Consider a matrix \( M \in \mathbb{Z}^{m \times n} \) of rank \( r \). The matrix \( M \) is called k-modular (for some \( k \in \{1,2,\dotsc \} \)) if these two conditions are satisfied:

for some column basis \( B \subseteq \{1,2,\dotsc,n\} \) of \( M \), the greatest common divisor of the determinants of all \(r \)-by- \( r \) submatrices of \( M_{\star,B} \) is equal to \( k \).
The matrix \( X \) such that \( M = M_{\star,B} X \) is totally unimodular.

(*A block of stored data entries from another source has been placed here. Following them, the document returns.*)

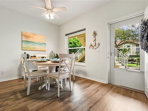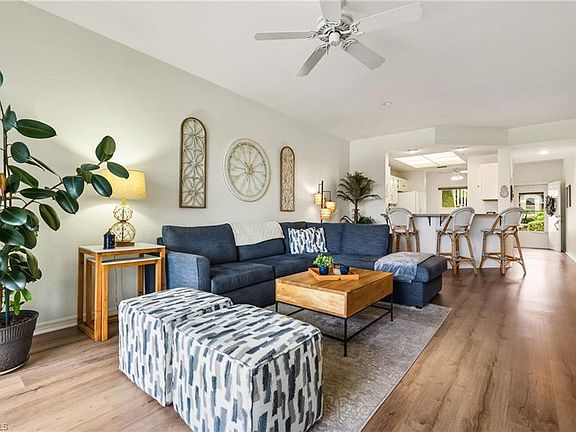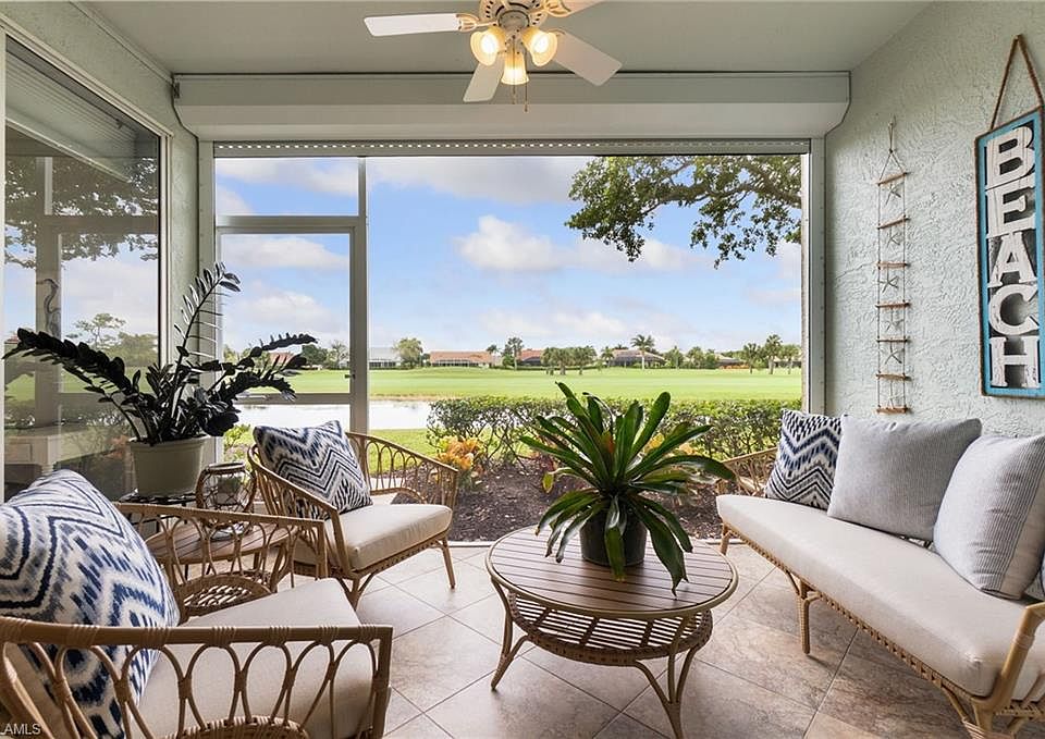 Wake up to sweeping golf course views and end the day with majestic sunsets from this highly desirable first-floor, west-facing 2-bed, 2-bath condo at the Golf Condos in exclusive Spanish Wells Golf & Country Club. This inviting & impressively updated condo features a radon mitigation system, fresh paint, laminate flooring throughout, newer appliances, and updated impact-resistant windows with custom window treatments. It also includes roll-down hurricane shutters on the lanai, a newer air conditioner and water heater for enhanced comfort, and spacious 9-foot ceilings that create an open, airy atmosphere. Enjoy breathtaking sunset views from your screened lanai overlooking a tranquil pond and the rolling greens. The property includes a one-car garage, an exterior parking space, and golf cart storage. Perfect for your rental portfolio, seasonal getaway, or forever retreat. Ideally located minutes from sun-drenched Gulf beaches and vibrant entertainment and dining at Mercato. Experience the charm of this meticulously maintained coastal condo in an unbeatable location. Schedule a showing today!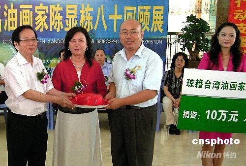 5月30日上午,瓊籍臺灣著名油畫家陳顯棟先生(左一)在椰城舉行的"八十回顧展"開幕式上,通過海南省紅十字會向四川汶川中學捐贈十萬元人民幣現金,支援災區重建。 中新社發 馬浩楠 攝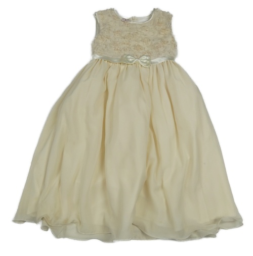 Smotanové slávnostné šaty s 3D kvety a mašlou

In case \( M \) has full row-rank, the first property requires that the determinant of any basis matrix shall be \( k \), while the second property requires that \( M_{\star,B}^{-1} M \) is totally unimodular. Otherwise, \( M_{\star,B} \) is singular, and hence the property is more technical.

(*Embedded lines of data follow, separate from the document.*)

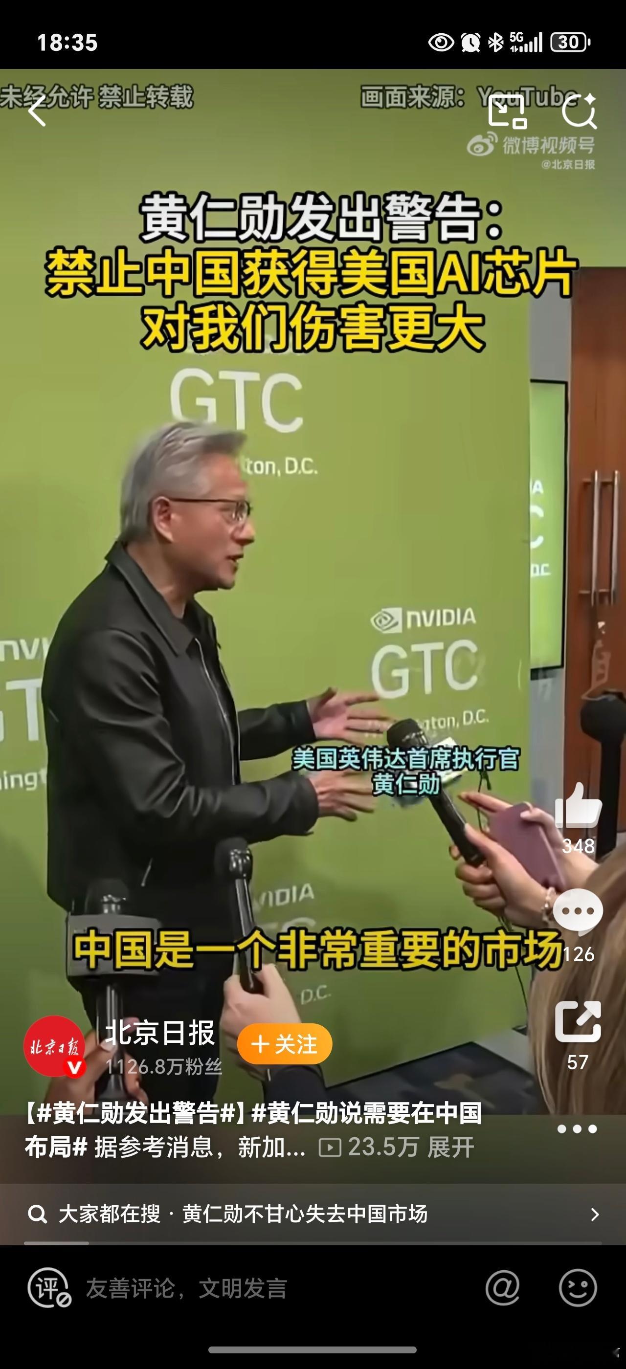 黄仁勋发出警告黄仁勋确实很精明,因美国持续加码的AI芯片出口管制,英伟达在中国高端AI芯片市场的份额已从95%暴跌至0%;
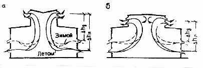 Процесс аэрации обусловлен разностью объемных весов внутреннего и наружного воздуха, а также, а также разницей давления при действии ветра.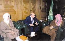 استقبل معالي وزير الشئون الاسلامية والاوقاف والدعوة والارشاد ورئيس رابطة الجامعات الاسلامية الدكتور عبدالله بن عبدالمحسن التركي بمكتبه في الوزارة صباح امس الثلاثاء رئيس الجامعة الاسلامية العالمية في اسلام اباد الدكتور حسن محمود عبداللطيف الشافعي، ونائبه الدكتور احمد العسال اللذين يزوران المملكة حاليا.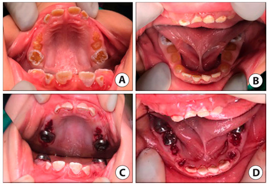 Case 2 clinic photos. (A) Pre-op intraoral photo of the maxillary arch. (B) Pre-op intraoral photo of the mandibular arch (mandibular first molars partially visible). (C) Post-op intraoral photo maxillary arch reveals stainless steel crowns (SSC) restorations permanent first molars, facial resin-modified glass ionomer (RMGI) restorations, lingual sealants on permanent incisors, and blood clots at extraction sites of all remaining primary teeth. (D) Post-op intraoral photo mandibular arch reveals SSCs placed on permanent first molars (lower left permanent first molar not visible) and second primary molars, with the extraction of primary first molars and canines. RMGI placed on facial surfaces of anterior incisors.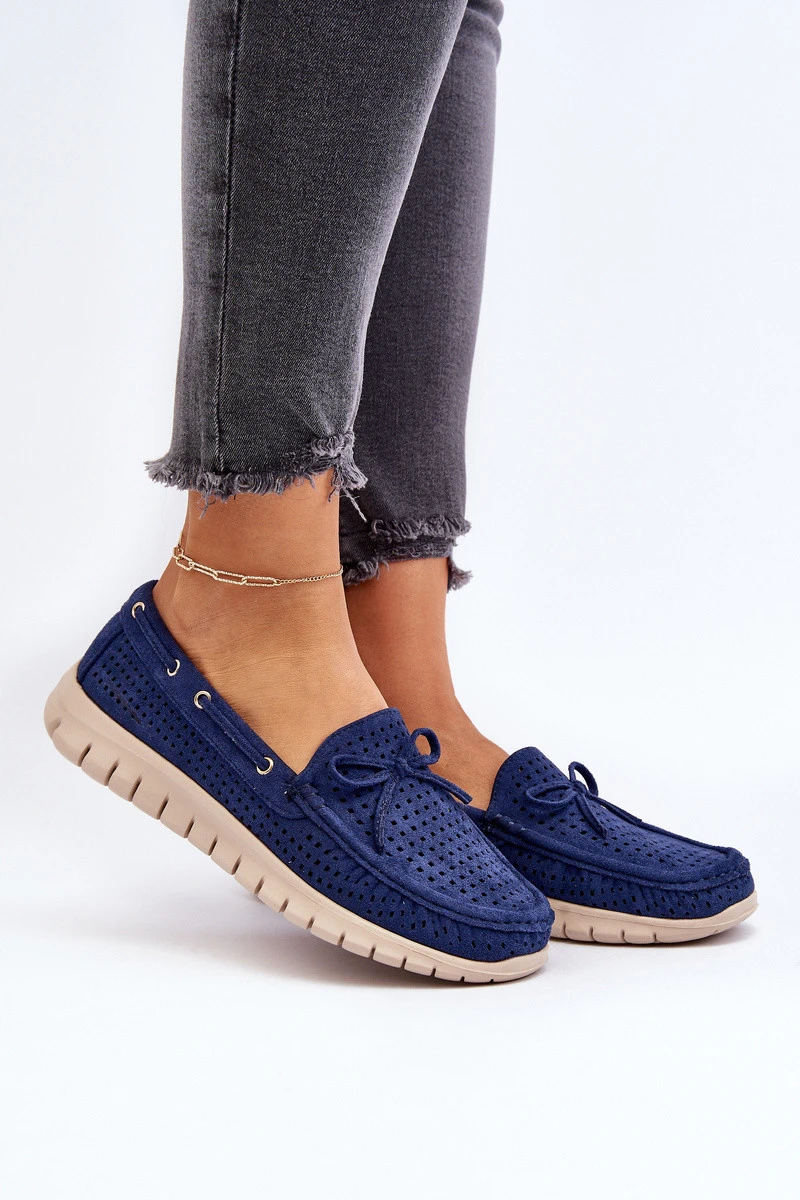 Dámské mokasíny s mašlí tmavě modré model 21650293 - VINCEZA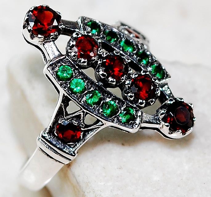 BEAUTIFUL NATURAL 1 CTTW TSAVORITE GARNET AND RHODOLITE RED GARNET RING. MOUNTED IN ELABORATELY DESIGNED SOLID .925 STERLING SILVER SIZE 6. 12.5 CTTW OR TOTAL GRAM WT IS 2.6 GRAMS. VERY PRETTY RING.BRILLIANT CLARITY AND SPARKLE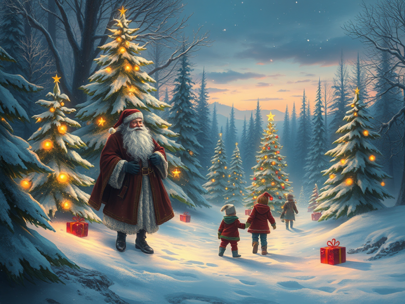 Ten minutes later, if you had been in the forest, you might have seen the children standing in dismay with tears on their faces, and exclaiming that they had never seen such a Christmas Eve before. For as they looked eagerly about them to the low-bending branches of the evergreen trees, they saw nothing hanging from them that they had seen other Christmas Eves. No presents. No one could guess whether Grandfather Christmas had forgotten them, or whether some dreadful accident had kept him away.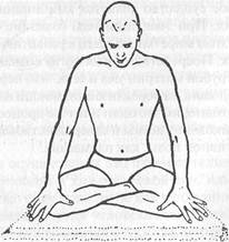 (51) Помести ладони на колени, растопырь пальцы, рот держи открытым и пристально гляди на кончик носа, сконцентрировав ум.

Note: k-modularity is independent of the choice of the column basis \( B \).

Additionally, \( M \) is called strongly k-modular if \( M \) and \( M^{\textsf{T}} \) are k-modular. The special cases with \( k = 1 \) is called unimodular and strongly unimodular, respectively.

Usage

The executable cmr-k-modular determines whether a given matrix \( M \) is \(k\)-modular (and determines \( k \)).

./cmr-k-modular [OPTION]... FILE

Options:

-i FORMAT Format of input FILE; default: dense.
-t Test \( M^{\textsf{T}} \) instead.
-s Test for strong \( k \)-modularity, i.e., test \( M \) and \( M^{\textsf{T}} \).
-u Test only for unimodularity, i.e., \( 1 \)-modularity.

Formats for matrices are dense-matrix and sparse-matrix. If FILE is -, then the input will be read from stdin.

C Interface

The functionality is defined in k_modular.h. The main functions are:

CMRtestKmodularity() tests a matrix for being \(k\)-modular.
CMRtestStrongKmodularity() tests a matrix for being strongly \(k\)-modular.
CMRtestUnimodularity() tests a matrix for being unimodular.
CMRtestStrongUnimodularity() tests a matrix for being strongly unimodular.